11 Cool Things you can do with HBX Analytics

By Eric Enge

Next up in our series of cool things about analytics article series, is Visual Sciences’ HBX Analytics. To help me learn the ropes of HBX Analytics, I had the capable help of Ali Behnam, who works in professional services at Visual Sciences. What you will see in the points below is a highly configurable applications that will allow you to do tons of fun stuff.

1. Active Viewing:

Most analytics packages offer a site overlay feature, one where you can see a view of the web page within your analytics software, and see the click through rates on every link on the page. It’s a great tool for helping web designers figure out how to tweak their design for best results. The link to the main action you want users to take getting fewer click throughs than some other link on the page? Try moving the position around to see what happens.

HBX Analytics calls this feature Active Viewing, and the overlay tool in HBX is packed with exceptional power. Some of the unique features include:

  1. Ability to show click through rates on links within DHTML menus
  2. You can overlay on top of a form
  3. Ability to overlay on top of Flash
  4. Use segmentation with your overlay to see the behavior of specific user groups.

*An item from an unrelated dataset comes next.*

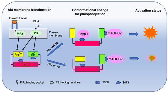 The translocation of cytosolic Akt to the plasma membrane is initiated by the interaction of the PH domain with membrane phosphatidylinositol 3,4,5-trisphosphate (PIP3), produced by phosphoinositide-3 (PI3) kinase upon growth factor receptor stimulation. Anionic PS, however, critically participates in the activation by securing the PIP3-triggered membrane translocation of Akt and facilitating its conformational changes for full activation. Through the interaction with positively charged residues of Akt at R15 and K20 in the PH domain outside the PIP3 binding pocket and at K419 and K420 in the regulatory domain [], PS facilitates the interdomain conformational changes of Akt to expose T308 and S473 for phosphorylation by upstream protein kinases PDK1 and mTORC2, respectively. For the exposure of T308, in particular, both PIP3 and PS are required, so that PDK1 has access to phosphorylate Akt at T308 (Figure 4). PS also interacts with cationic residues R466 and K467 in the PH domain of PDK1. This PS–PDK1 interaction facilitates the association of PDK1 with the plasma membrane, enabling the phosphorylation of Akt at T308 []. As DHA enriches PS in the plasma membrane, the PS-dependent facilitation of Akt and PDK1 activation provides a mechanism for the neuroprotective effects of DHA by improving neuronal survival under adverse conditions. In contrast, increasing PS does not affect PI3 kinase activity [].

The segmentation feature is cool because you can isolate specific personas (types of people) who come into your site and examine their behavior in detail. For example, you can isolate and examine the behavior of all users who came in on a search term that included the word “cheap” or “inexpensive”. Were these people simply bouncing because of sticker shock?

Or you can look at all the people who come in a search term that includes action words like “buy” or “purchase”. If these people are bouncing off your site in large numbers it spells real trouble, and it may mean that you making it too difficult for them to make a fast purchase. Perhaps you are providing too much information up front, when they want to just get the purchase done.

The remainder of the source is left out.